> _EXERCISE PROMPT_: An exact copy of the data below is needed; please leave out any pictures.
++++ GIVEN DATA ++++
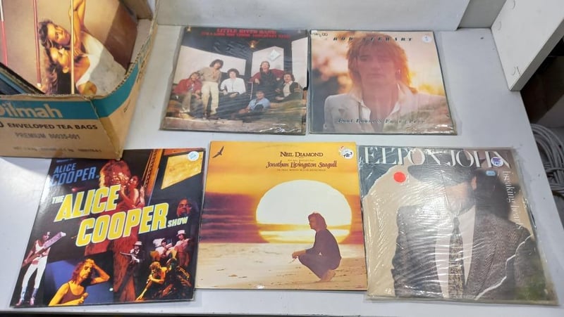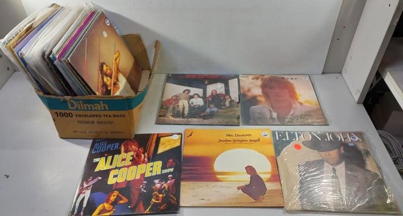 Vinyls, assortment of vinyls Including, Alice Cooper, Elton John, Neil Diamond, Rod Stewart, Little River Band and more Sold as lot
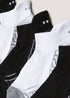 Learn moreThe ideal accessory for sports or gym-going, these soft and stretchy trainer socks will support the ankle and keep feet feeling cushioned and comfortable - plus mesh vent panels provide a long-lasting fresh, dry feeling. In a handy five pack, the socks are complete in a black and white monochrome colour palette.
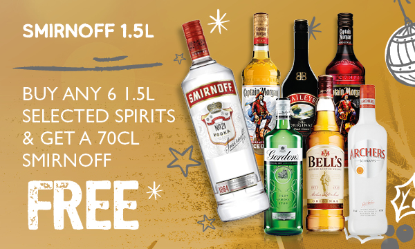 FREE 70cl bottle of Smirnoff Red, when you buy any 12 x 70cl Smirnoff Red, Smirnoff Peppermint, Gordon's (Special Dry, Pink or Sloe), Bell's, Archers, Captain Morgan Dark, Captain Morgan Spiced, Baileys Irish Cream, Baileys Strawberries & Cream. 300 deals available from 25th November 2019.
++++
> _SOLUTION TO THIS EXERCISE_:
 Vinyls, assortment of vinyls Including, Alice Cooper, Elton John, Neil Diamond, Rod Stewart, Little River Band and more Sold as lot
 Learn moreThe ideal accessory for sports or gym-going, these soft and stretchy trainer socks will support the ankle and keep feet feeling cushioned and comfortable - plus mesh vent panels provide a long-lasting fresh, dry feeling. In a handy five pack, the socks are complete in a black and white monochrome colour palette.
 FREE 70cl bottle of Smirnoff Red, when you buy any 12 x 70cl Smirnoff Red, Smirnoff Peppermint, Gordon's (Special Dry, Pink or Sloe), Bell's, Archers, Captain Morgan Dark, Captain Morgan Spiced, Baileys Irish Cream, Baileys Strawberries & Cream. 300 deals available from 25th November 2019.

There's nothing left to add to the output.